A scandire la ripresa delle consultazioni c’è stata la rimozione, da parte degli Stati Uniti, di sanzioni introdotte giovedì scorso a danno di tre ufficiali iraniani e due aziende petrolchimiche colpevoli, secondo gli USA, di sostenere i Guardiani della Rivoluzione iraniana e il gruppo Houthi nello Yemen. Al momento, gli Stati Uniti non hanno partecipato direttamente agli incontri. L’Iran si è comunque espresso positivamente, dichiarando che nonostante le questioni da risolvere, non sembra esserci nessuna impasse.
Nel 2015, con l’accordo sul nucleare, l’Iran aveva acconsentito ad eliminare le sue riserve di uranio a medio arricchimento, di tagliere quelle a basso arricchimento del 98% e di ridurre di due terzi le sue centrifughe a gas per 13 anni. Aveva inoltre accettato un monitoraggio capillare delle sue attività nucleari e delle sue centrali, nonché la conversione di numerosi impianti.
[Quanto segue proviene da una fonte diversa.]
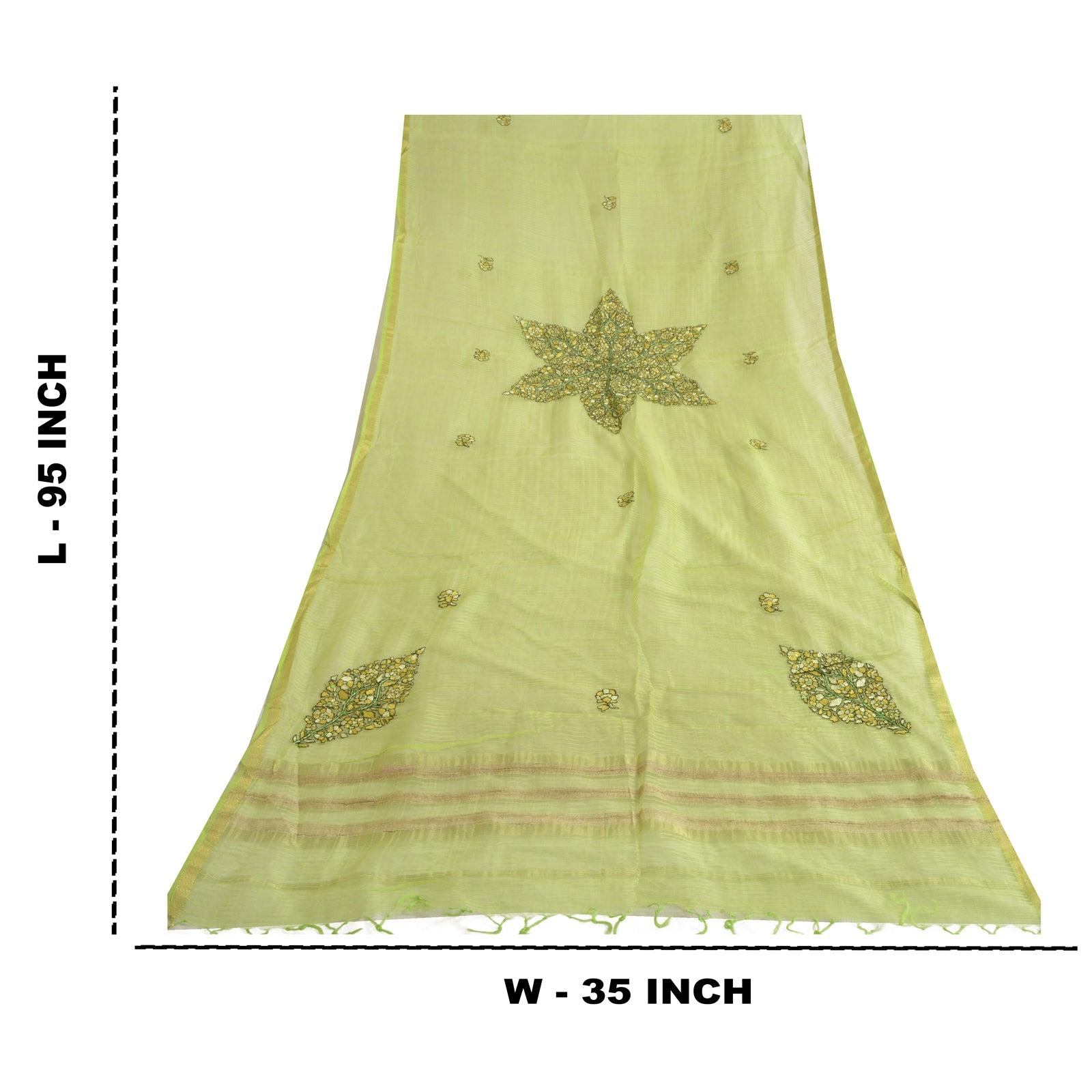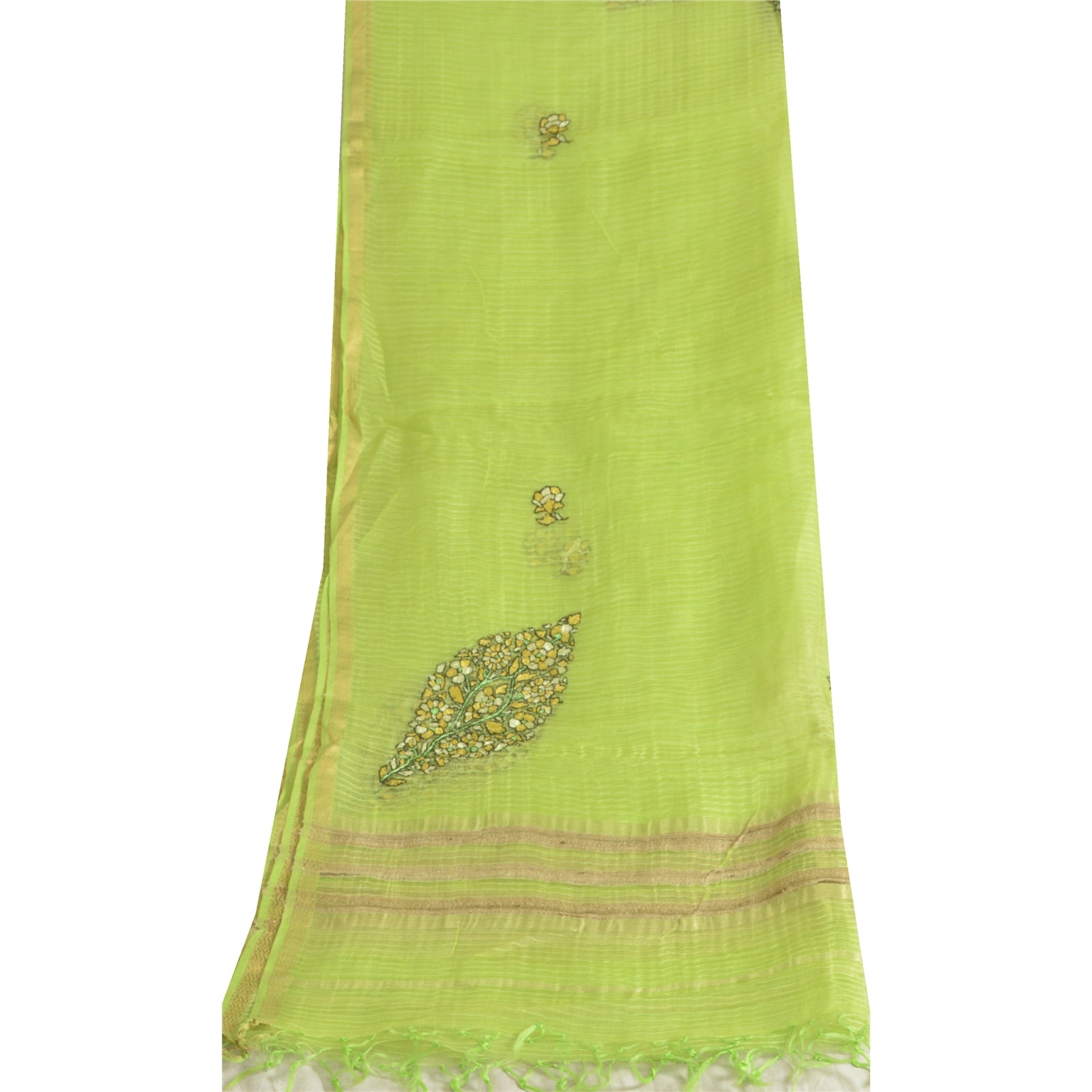'THE ITEM COLOR OR SHADE MAY BE DARKER OR LIGHTER THAN THE PICTURE.' Beautiful green colored pure chnaderi silk hand embroidered Kantha dupatta/stole. Center portion of the dupatta embroidered traditional Kantha running stitched thread work with floral design. Border has woven thread & golden zari work is really enhancing beauty of the dupatta/stole. This dupatta/stole can be used for various crafting ideas too. Use it for dress designing, as a throw, as window dressing, upholstery, table linen and much more. Let your creative juices flow. International buyers please note: Import duties, taxes, and charges are not included in the item price or postage cost. These charges are the buyer's responsibility. Please check with your country's customs office to determine what these additional costs will be prior to bidding or buying. Buyer will pay custom duty/tax. It is calculated and charged differently by every country. As a seller I do not have any control over it. VAT or sales tax is calculated by the platform at the time of checkout. Customs charge is payable at the time of delivery.'
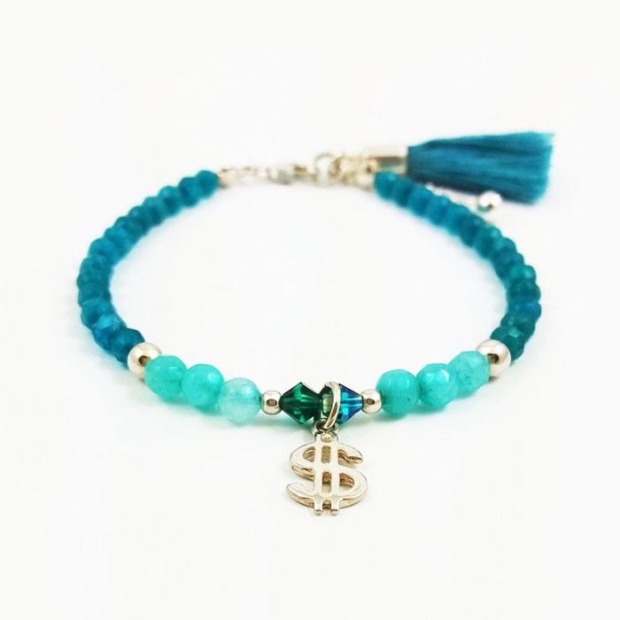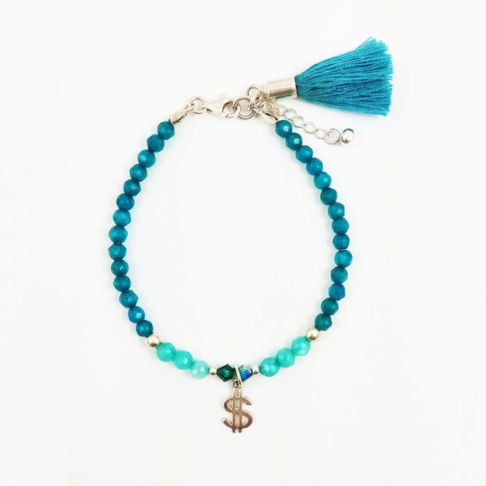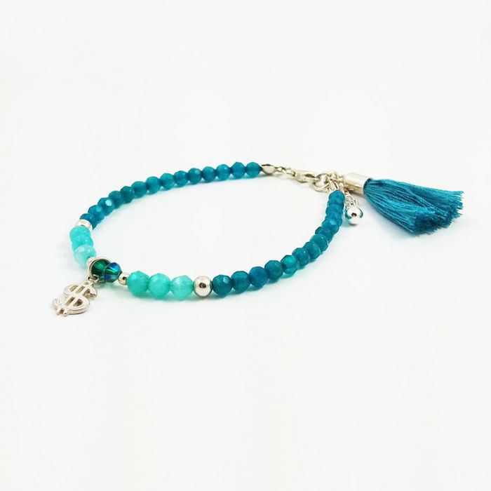 Delikatna, srebrna bransoletka z fasetowanych kulek jadeitu w pięknych kolorach jasnego i ciemnego turkusu, srebrnych przekładek, kryształków bicone w pasującym, opalizującym kolorze i zabawnej srebrnej zawieszki w kształcie dolara. Kamienie mają średnicę 4 mm.
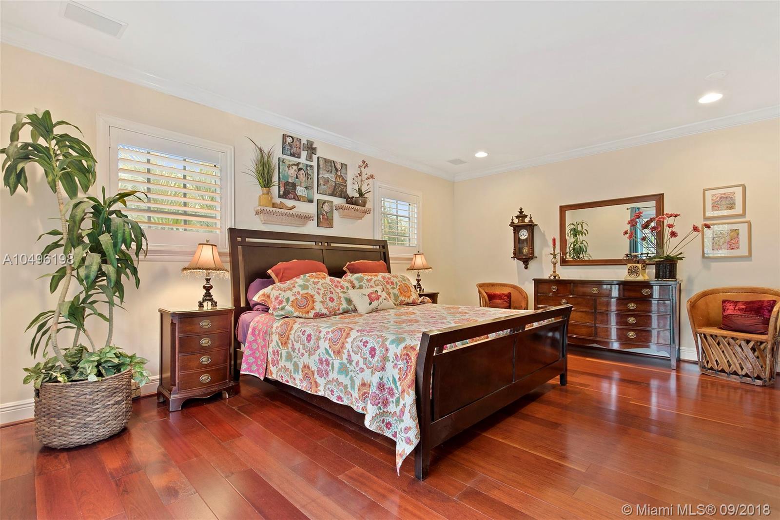 Elegance abounds in this home features expansive living spaces and gleaming hardwood flooring. The living room has a cozy wood burning fireplace & spacious dining area perfect for entertaining. Create your culinary delights in the gourmet kitchen offering extensive cabinetry and features stainless steel appliances including double wall ovens, built-in dishwasher and Samsung 4 Door Flex refrigerator & has a walk-in pantry. With a split floor plan, the entire upstairs is dedicated for the master suite offering full spa bath with jetted tub, double vanity sinks, walk-in closet and private balcony. New hot water heater, LED lighting, GACO silicone roof coating professionally applied September 2017, plantation shutters and LED lighting. A mere few blocks away from Miracle Mile.
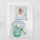 Convide os convidados a lembrarem o seu amado após a sua morte com a bonito Hydrangea Azul na Celebração do Convite à Vida. Este famoso e personalizado convite para homenagem à morte floral apresenta uma fascinante fotografia floral de uma flor azul de hydrangea em um vidro de vidro. Personalize-o com uma fotografia, detalhes do falecido e detalhes do funeral. Disponível como convite impresso para envio e/ou como download digital para fácil compartilhamento digital online.
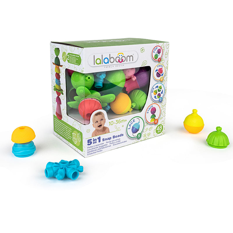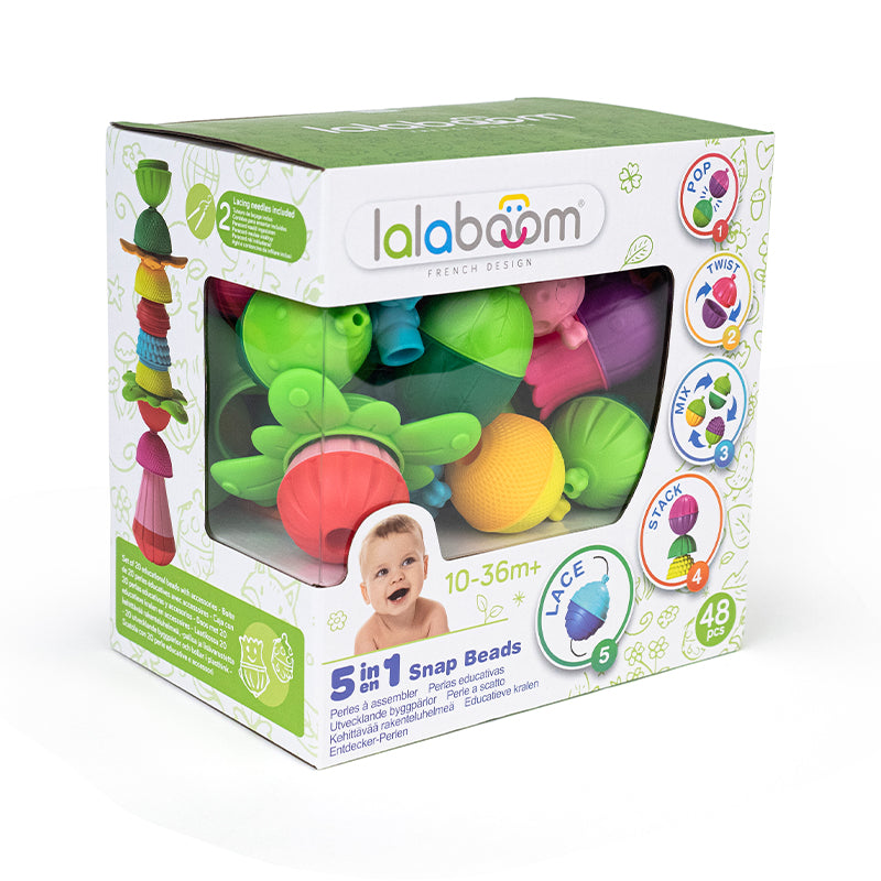 El conjunto estimula 5 etapas evolutivas de aprendizaje a través de las acciones de hacer estallar, girar, mezclar, apilar y entrelazar las cuentas. La variedad de colores y texturas atraerá aún más e involucrará a los más pequeños en el juego y en la manipulación de las cuentas para desarrollar paso a paso nuevas habilidades motoras. Los niños están en el centro del proceso de diseño creativo de la marca, independientemente del sexo y el género, y el resultado es un producto verdaderamente atemporal.
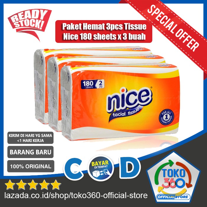Kelebihan - Kelebihan membeli 【TOKO360】【Paket Murah 3pack】 Tissue Facial Nice 180 Sheets 2 Ply Tisu Tisue Tissu Wajah Muka 180s 180 Lembar Paketan 3 pak / 3 pack - Harga Termurah Grosir - Bayar Di Tempat COD - Toko360 di Toko ini
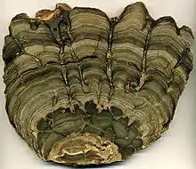 The Green River Formation is an Eocene geologic formation that records the sedimentation in a group of intermountain lakes in three basins along the present-day Green River in Colorado, Wyoming, and Utah. The sediments are deposited in very fine layers, a dark layer during the growing season and a light-hue inorganic layer in the dry season. Each pair of layers is called a varve and represents one year. The sediments of the Green River Formation present a continuous record of six million years. The mean thickness of a varve here is 0.18 mm, with a minimum thickness of 0.014 mm and maximum of 9.8 mm.[1]
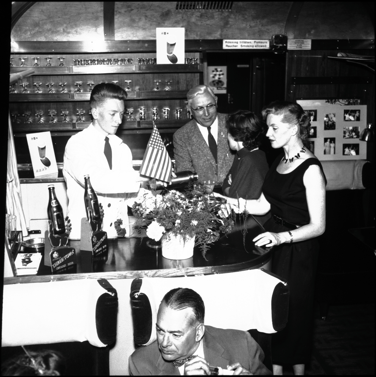 Interiör barvagnen, Swedish Night Light Cruising, SNLC. "Dollartåget" uppkom som ett försök att minska efterkrigstidens valutabrist, man riktade sig i första hand till köpstarka amerikanska turister, därav det myntade namnet
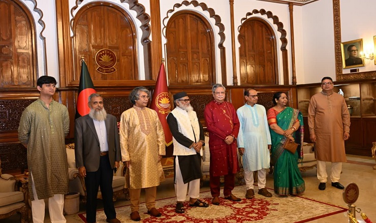 শারদীয় দুর্গোৎসব ও বিজয়া দশমী উপলক্ষে বঙ্গভবনে সনাতন ধর্মাবলম্বীদের সঙ্গে শুভেচ্ছা বিনিময় করেছেন রাষ্ট্রপতি মো. সাহাবুদ্দিন।
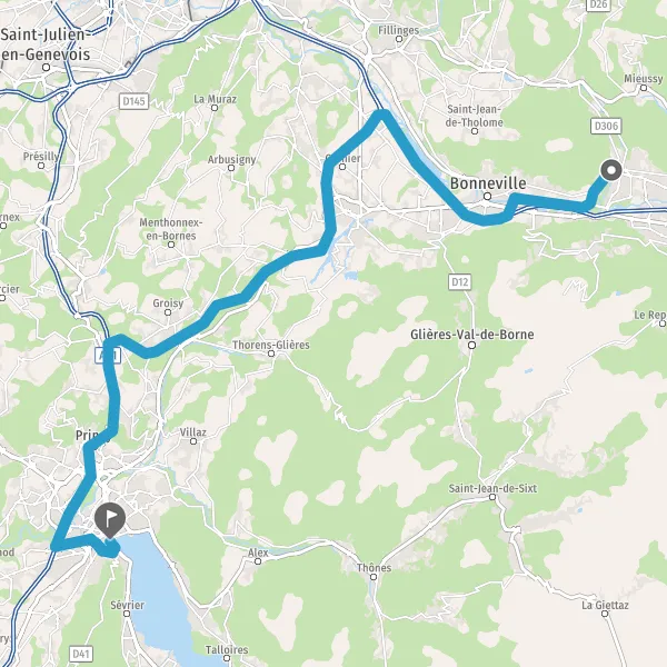 Au rond-point, prendre la 1ère sortie sur D19 (Route de Bonneville) et continuer sur 4 kilomètres
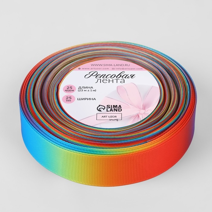 Лента репсовая «Радуга», 25 мм, 23 ± 1 м, разноцветная
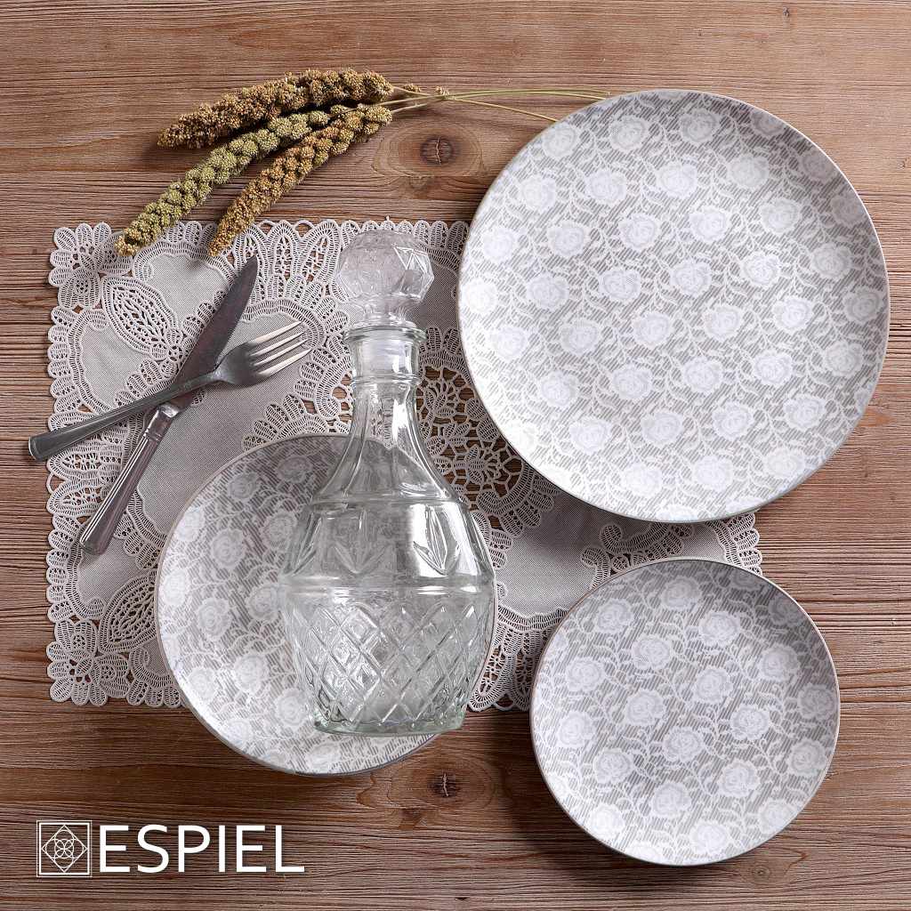 Σετ Πιάτα πορσελάνης 18 τεμαχίων σε Γκρι χρώμα με λευκά λουλούδια, Espiel
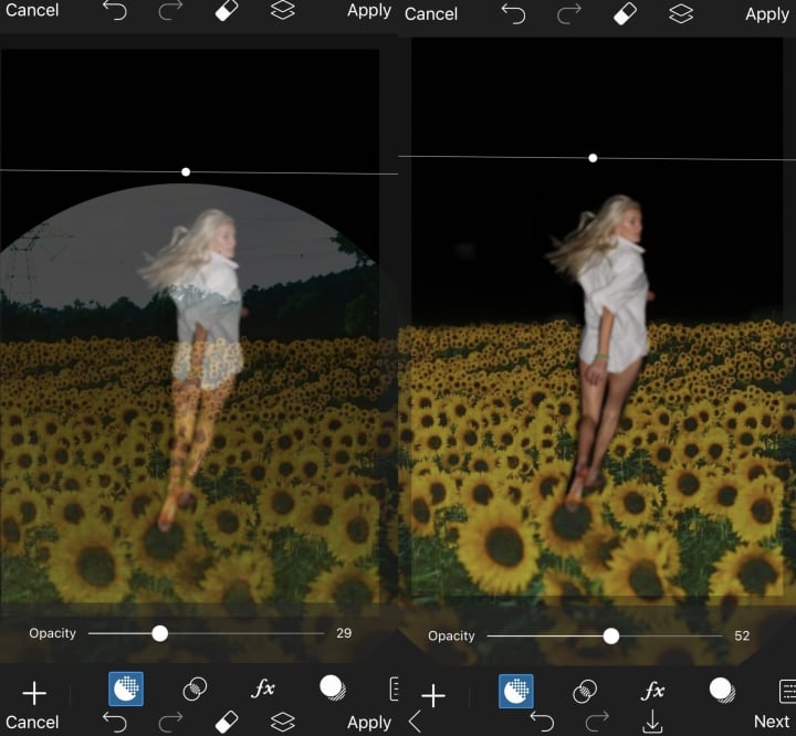 7. After the erasing process has finished. Turn the Opacity back to the level that you like. I always keep mine below 100 so that the two photos flow better together.
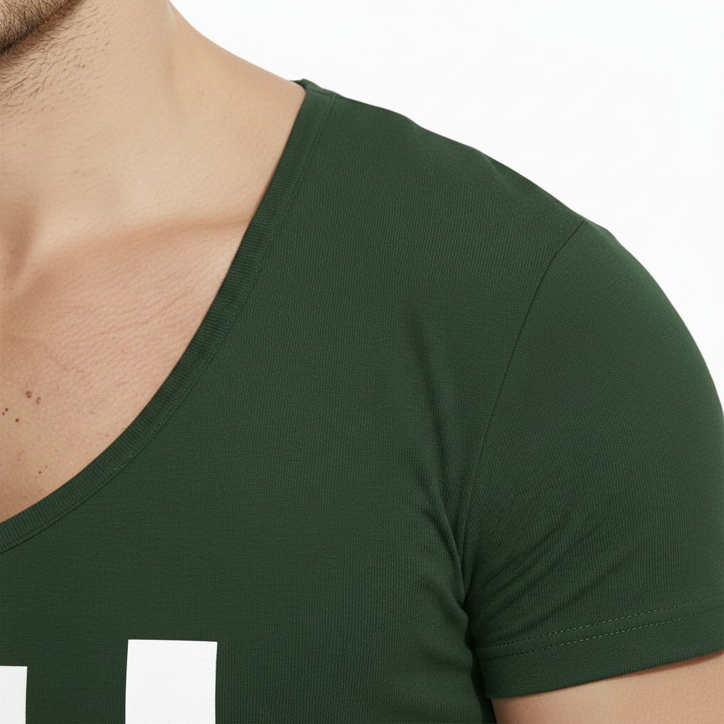 Design: Features a distinctive Deep V-Neck (Scoop style) for a modern, edgy, and masculine look.

Tutto questo in cambio di una cessazione delle sanzioni economiche imposte da Stati Uniti, Europa e Consiglio di Sicurezza delle Nazioni Unite, imposte teoricamente proprio in ragione del programma nucleare iraniano.
Nel 2018, sotto pressione israeliana, Trump aveva optato per un’uscita unilaterale dall’accordo e aveva rinnovato le pesanti sanzioni economiche che, come sempre, per quanto indirizzate ad un regime, vanno a colpirne la popolazione. L’amministrazione Biden ha scelto un approccio differente, priorizzando la soluzione della minaccia nucleare iraniana.
Nel frattempo, la disapprovazione di Israele incombe sulle negoziazioni. Il nuovo presidente Bennett non ha cambiato linea rispetto al suo predecessore e ha dichiarato il piano «un errore» rivendicando il diritto del paese, in quanto esterno ai patteggiamenti, di intervenire qualora l’Iran sviluppasse armi nucleari. Sarà da vedere come gli Stati Uniti risponderanno a queste pressioni. Alle varie tensioni a livello internazionale va oltretutto aggiunto che il 18 giugno in Iran avranno luogo le nuove elezioni presidenziali, un momento quindi particolarmente delicato e decisivo, anche in vista degli accordi di Vienna.